[RECORDS SUPPLIED Boundary: Start]

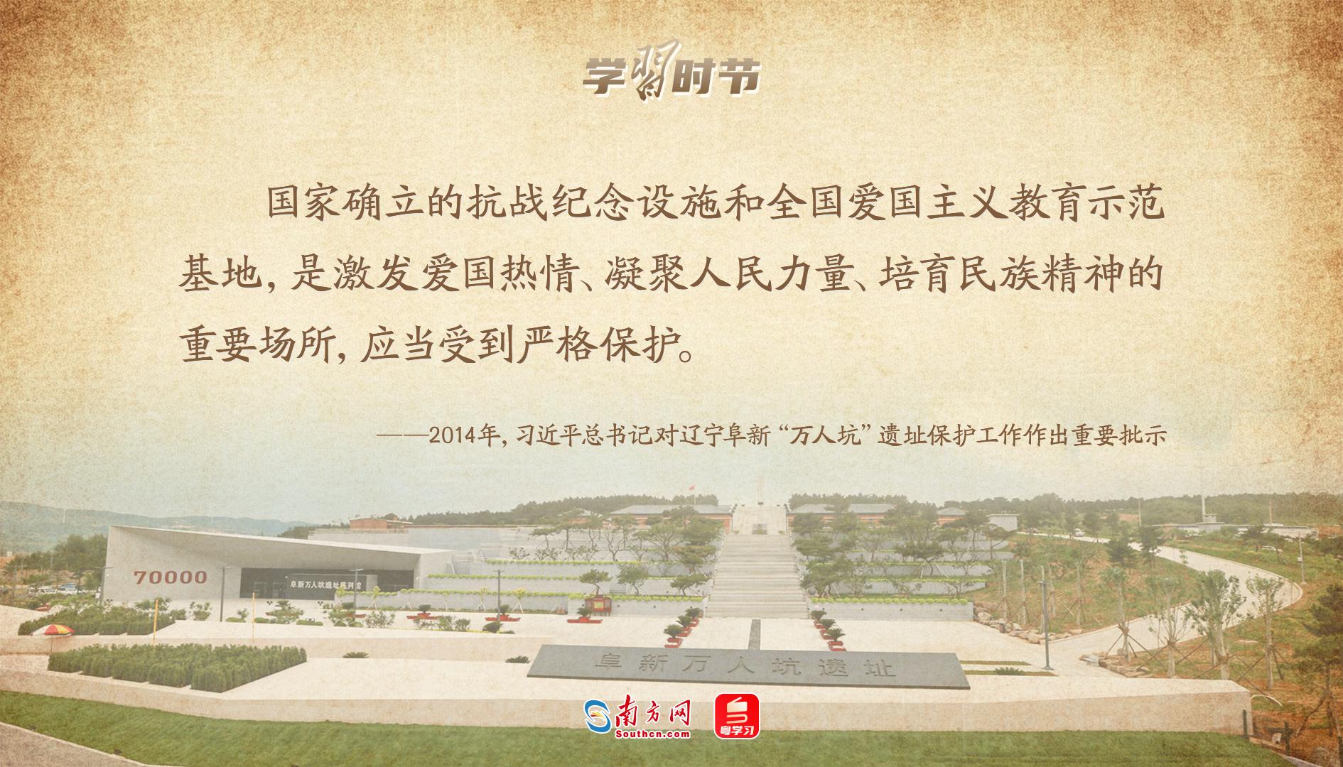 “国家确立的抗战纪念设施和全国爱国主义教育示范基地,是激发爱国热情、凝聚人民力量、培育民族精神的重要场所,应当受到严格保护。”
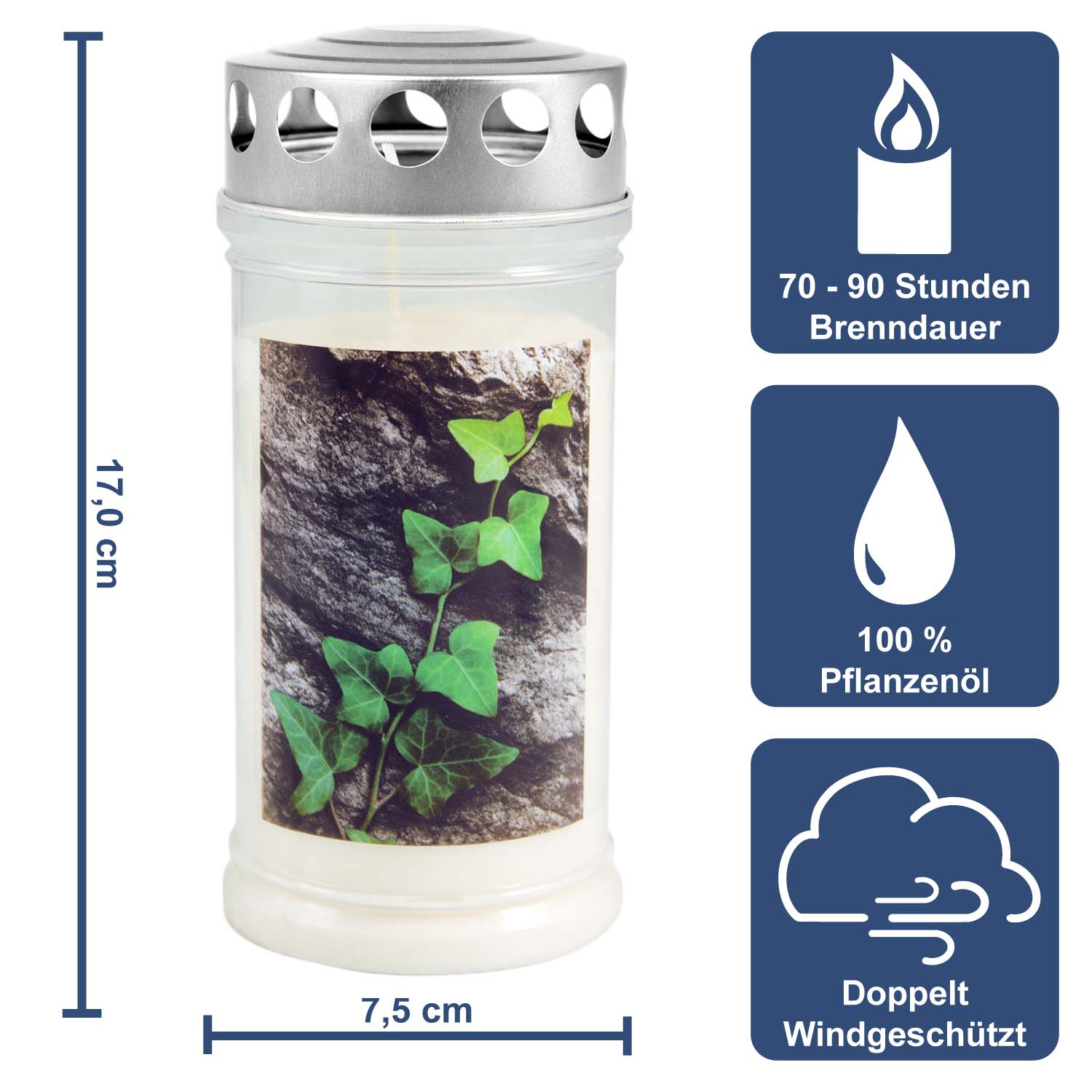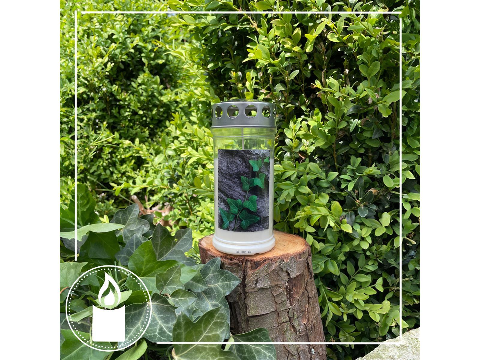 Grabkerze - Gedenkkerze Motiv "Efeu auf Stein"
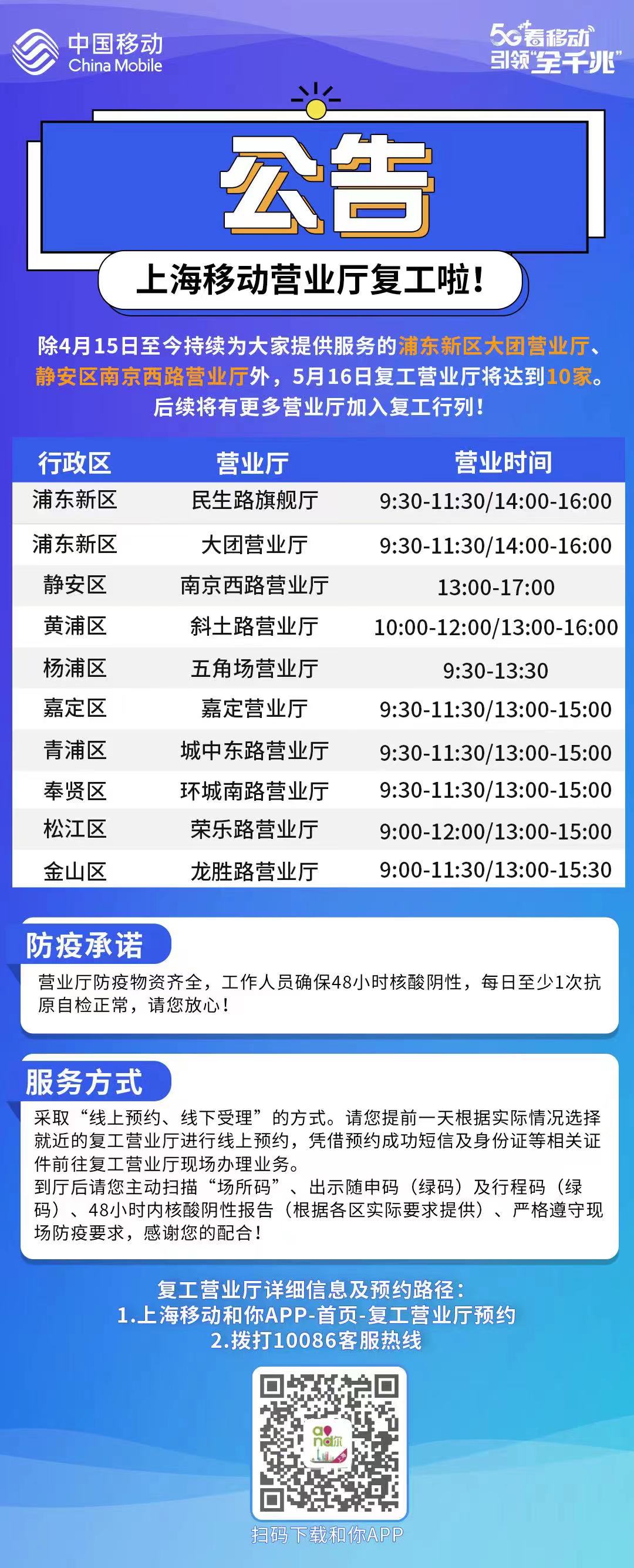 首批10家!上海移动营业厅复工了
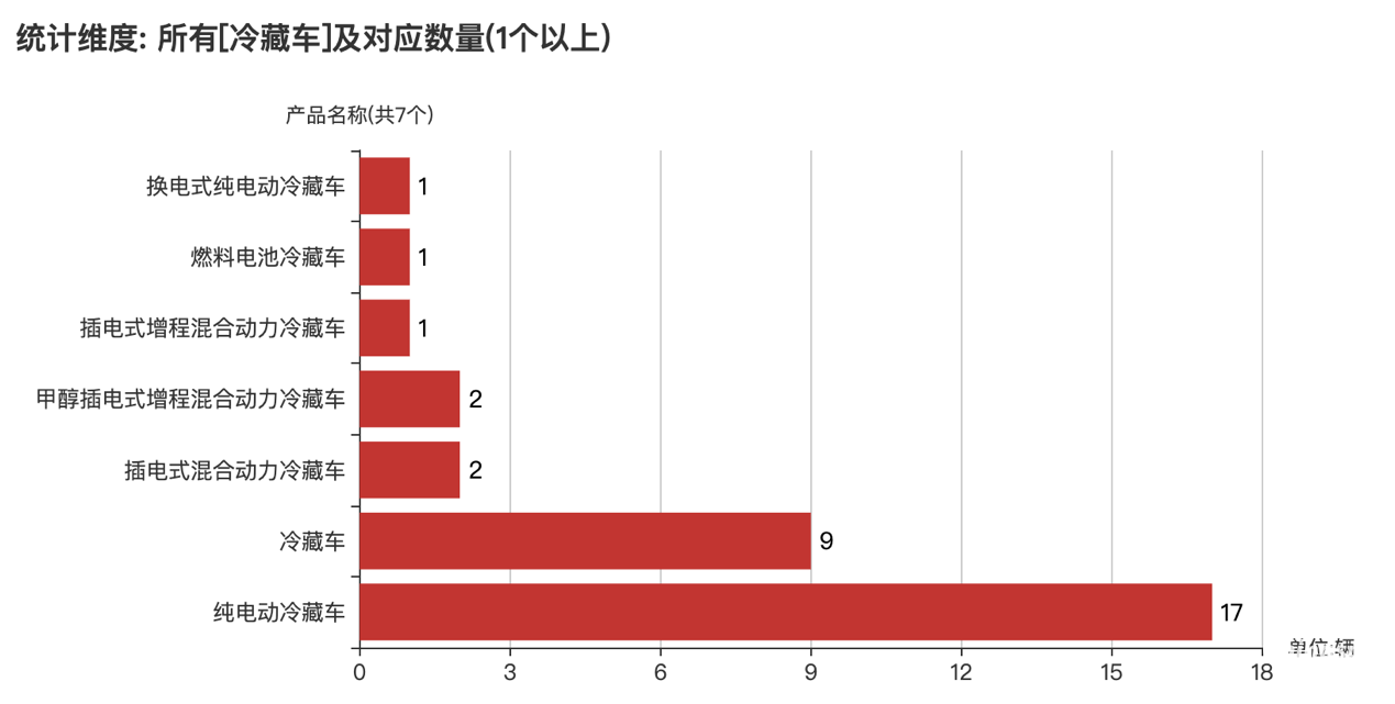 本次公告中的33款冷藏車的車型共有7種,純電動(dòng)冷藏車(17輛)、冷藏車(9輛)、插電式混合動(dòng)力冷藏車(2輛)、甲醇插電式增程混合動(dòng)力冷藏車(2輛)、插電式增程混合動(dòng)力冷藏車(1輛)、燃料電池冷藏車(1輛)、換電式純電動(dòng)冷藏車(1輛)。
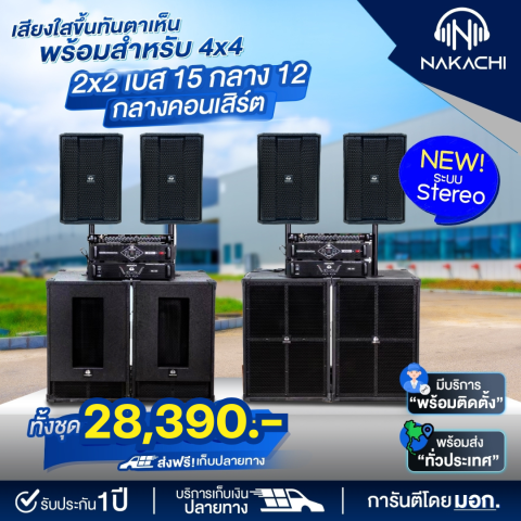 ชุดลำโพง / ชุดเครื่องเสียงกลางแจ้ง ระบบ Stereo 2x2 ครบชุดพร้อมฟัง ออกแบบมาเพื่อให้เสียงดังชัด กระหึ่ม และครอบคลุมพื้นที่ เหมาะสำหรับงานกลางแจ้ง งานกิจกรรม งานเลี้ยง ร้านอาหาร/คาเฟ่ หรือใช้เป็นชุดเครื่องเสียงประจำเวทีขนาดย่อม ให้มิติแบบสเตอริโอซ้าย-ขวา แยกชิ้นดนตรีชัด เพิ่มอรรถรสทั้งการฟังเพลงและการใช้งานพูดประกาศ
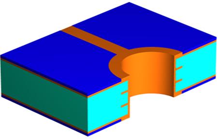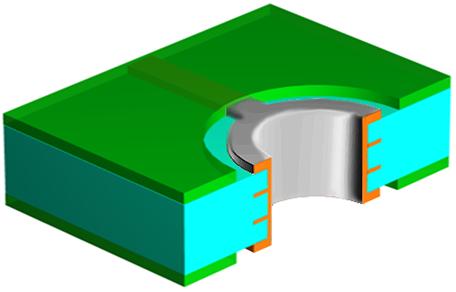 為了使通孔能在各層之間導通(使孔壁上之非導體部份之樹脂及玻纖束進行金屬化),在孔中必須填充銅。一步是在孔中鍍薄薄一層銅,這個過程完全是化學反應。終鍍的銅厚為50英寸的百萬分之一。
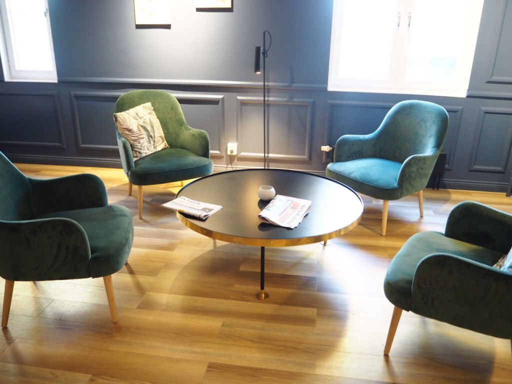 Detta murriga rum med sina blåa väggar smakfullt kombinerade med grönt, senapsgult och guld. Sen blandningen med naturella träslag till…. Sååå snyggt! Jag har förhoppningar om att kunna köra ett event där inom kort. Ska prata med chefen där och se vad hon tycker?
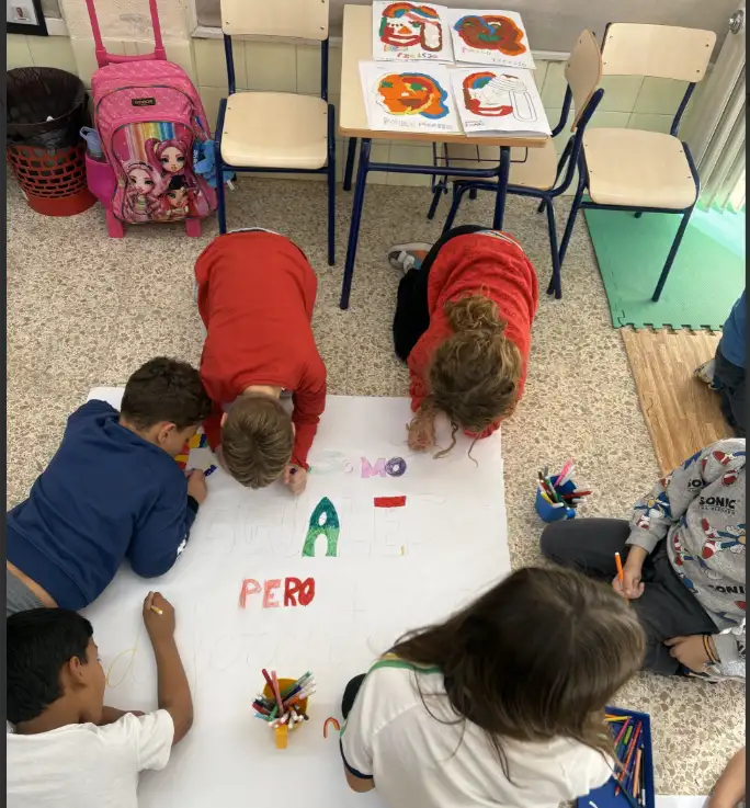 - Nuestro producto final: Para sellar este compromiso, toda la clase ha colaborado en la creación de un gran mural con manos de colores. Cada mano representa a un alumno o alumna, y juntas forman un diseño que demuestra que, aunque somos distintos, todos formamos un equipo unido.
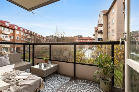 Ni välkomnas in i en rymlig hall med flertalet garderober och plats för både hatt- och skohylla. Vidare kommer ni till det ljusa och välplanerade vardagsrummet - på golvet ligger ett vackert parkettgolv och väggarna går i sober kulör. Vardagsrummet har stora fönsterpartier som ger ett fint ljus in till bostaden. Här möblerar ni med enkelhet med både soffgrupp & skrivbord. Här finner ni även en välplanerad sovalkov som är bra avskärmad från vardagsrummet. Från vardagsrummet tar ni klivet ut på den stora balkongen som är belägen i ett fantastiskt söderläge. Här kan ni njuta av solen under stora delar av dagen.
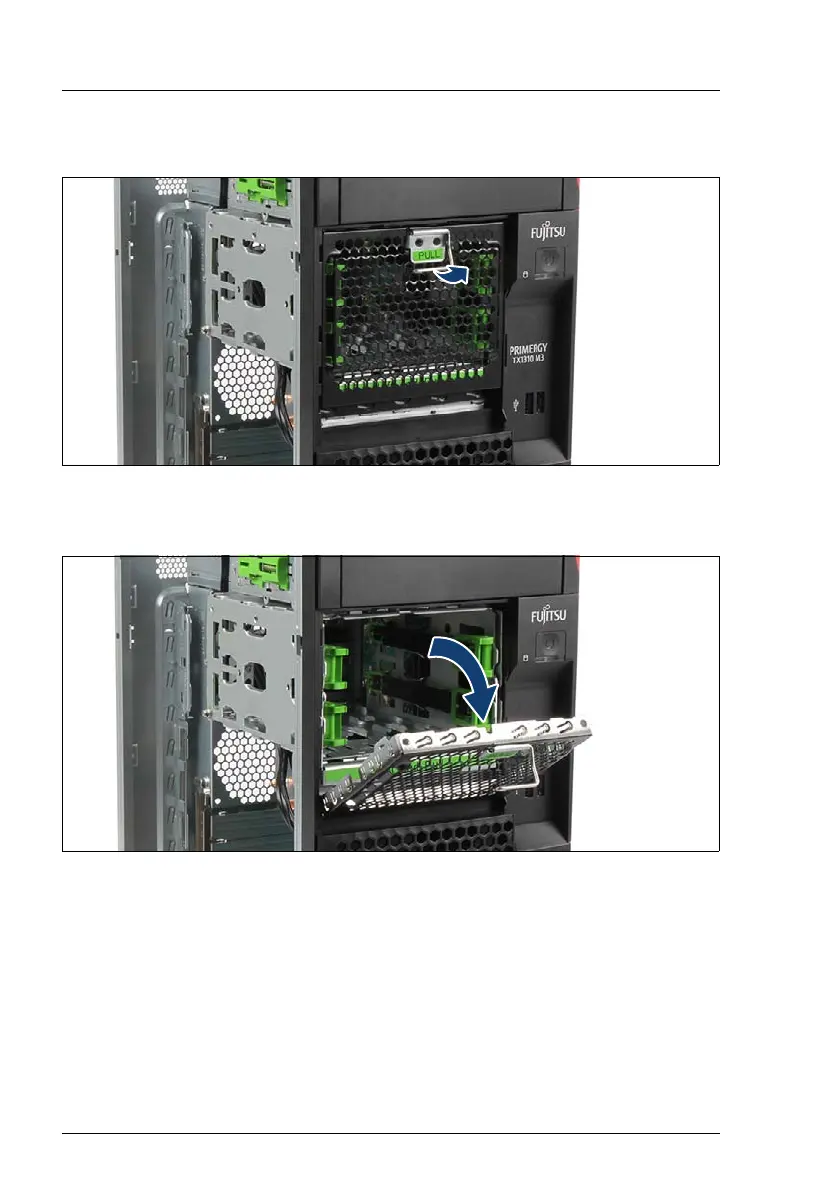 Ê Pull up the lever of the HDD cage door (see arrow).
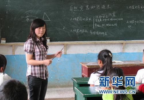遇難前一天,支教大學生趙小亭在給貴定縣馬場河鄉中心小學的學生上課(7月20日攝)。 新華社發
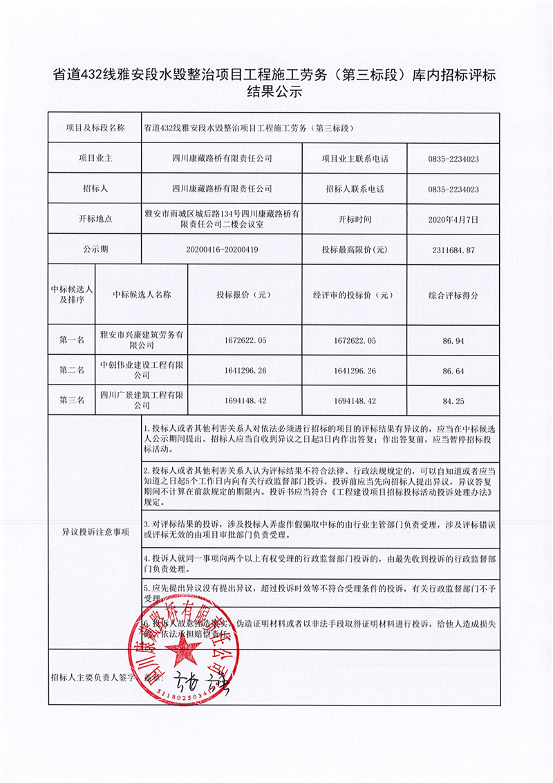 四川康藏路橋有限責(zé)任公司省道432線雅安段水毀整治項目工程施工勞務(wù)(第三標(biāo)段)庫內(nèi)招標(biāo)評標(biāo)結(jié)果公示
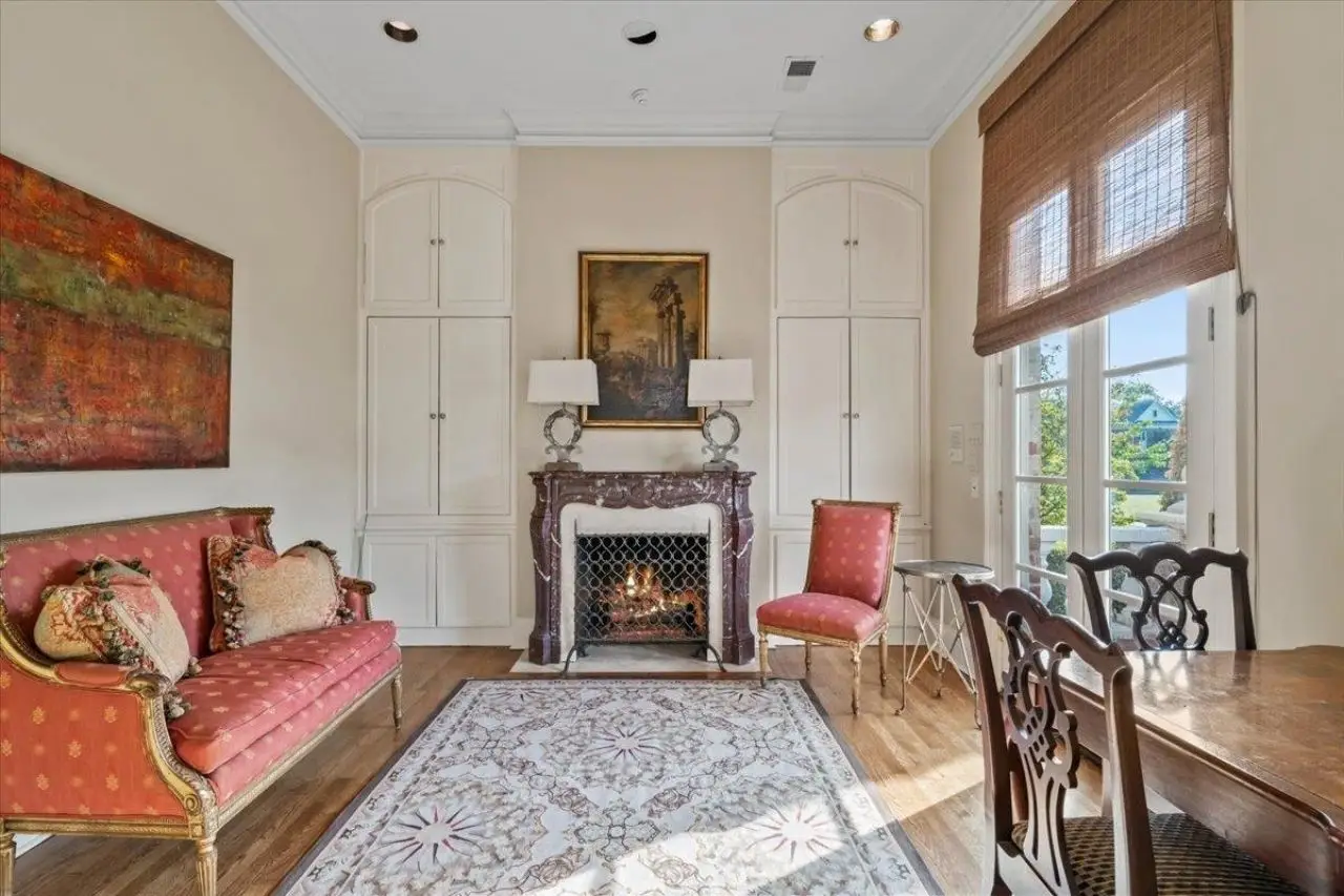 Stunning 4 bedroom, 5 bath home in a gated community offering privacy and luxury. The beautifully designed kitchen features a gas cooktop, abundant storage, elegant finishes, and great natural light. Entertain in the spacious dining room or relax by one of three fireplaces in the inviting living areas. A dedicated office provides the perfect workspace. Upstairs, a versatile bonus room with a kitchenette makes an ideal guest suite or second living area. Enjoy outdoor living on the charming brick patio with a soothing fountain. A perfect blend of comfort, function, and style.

[RECORDS SUPPLIED Boundary: End]

● **EXERCISE PROMPT**
Return the listing above in full and without alteration, excluding its pictures.

● **EXERCISE OUTPUT**
 “国家确立的抗战纪念设施和全国爱国主义教育示范基地,是激发爱国热情、凝聚人民力量、培育民族精神的重要场所,应当受到严格保护。”
 Grabkerze - Gedenkkerze Motiv "Efeu auf Stein"
 首批10家!上海移动营业厅复工了
 本次公告中的33款冷藏車的車型共有7種,純電動(dòng)冷藏車(17輛)、冷藏車(9輛)、插電式混合動(dòng)力冷藏車(2輛)、甲醇插電式增程混合動(dòng)力冷藏車(2輛)、插電式增程混合動(dòng)力冷藏車(1輛)、燃料電池冷藏車(1輛)、換電式純電動(dòng)冷藏車(1輛)。
 ชุดลำโพง / ชุดเครื่องเสียงกลางแจ้ง ระบบ Stereo 2x2 ครบชุดพร้อมฟัง ออกแบบมาเพื่อให้เสียงดังชัด กระหึ่ม และครอบคลุมพื้นที่ เหมาะสำหรับงานกลางแจ้ง งานกิจกรรม งานเลี้ยง ร้านอาหาร/คาเฟ่ หรือใช้เป็นชุดเครื่องเสียงประจำเวทีขนาดย่อม ให้มิติแบบสเตอริโอซ้าย-ขวา แยกชิ้นดนตรีชัด เพิ่มอรรถรสทั้งการฟังเพลงและการใช้งานพูดประกาศ
 為了使通孔能在各層之間導通(使孔壁上之非導體部份之樹脂及玻纖束進行金屬化),在孔中必須填充銅。一步是在孔中鍍薄薄一層銅,這個過程完全是化學反應。終鍍的銅厚為50英寸的百萬分之一。
 Detta murriga rum med sina blåa väggar smakfullt kombinerade med grönt, senapsgult och guld. Sen blandningen med naturella träslag till…. Sååå snyggt! Jag har förhoppningar om att kunna köra ett event där inom kort. Ska prata med chefen där och se vad hon tycker?
 - Nuestro producto final: Para sellar este compromiso, toda la clase ha colaborado en la creación de un gran mural con manos de colores. Cada mano representa a un alumno o alumna, y juntas forman un diseño que demuestra que, aunque somos distintos, todos formamos un equipo unido.
 Ni välkomnas in i en rymlig hall med flertalet garderober och plats för både hatt- och skohylla. Vidare kommer ni till det ljusa och välplanerade vardagsrummet - på golvet ligger ett vackert parkettgolv och väggarna går i sober kulör. Vardagsrummet har stora fönsterpartier som ger ett fint ljus in till bostaden. Här möblerar ni med enkelhet med både soffgrupp & skrivbord. Här finner ni även en välplanerad sovalkov som är bra avskärmad från vardagsrummet. Från vardagsrummet tar ni klivet ut på den stora balkongen som är belägen i ett fantastiskt söderläge. Här kan ni njuta av solen under stora delar av dagen.
 Ê Pull up the lever of the HDD cage door (see arrow).
遇難前一天,支教大學生趙小亭在給貴定縣馬場河鄉中心小學的學生上課(7月20日攝)。 新華社發
 四川康藏路橋有限責(zé)任公司省道432線雅安段水毀整治項目工程施工勞務(wù)(第三標(biāo)段)庫內(nèi)招標(biāo)評標(biāo)結(jié)果公示
 Stunning 4 bedroom, 5 bath home in a gated community offering privacy and luxury. The beautifully designed kitchen features a gas cooktop, abundant storage, elegant finishes, and great natural light. Entertain in the spacious dining room or relax by one of three fireplaces in the inviting living areas. A dedicated office provides the perfect workspace. Upstairs, a versatile bonus room with a kitchenette makes an ideal guest suite or second living area. Enjoy outdoor living on the charming brick patio with a soothing fountain. A perfect blend of comfort, function, and style.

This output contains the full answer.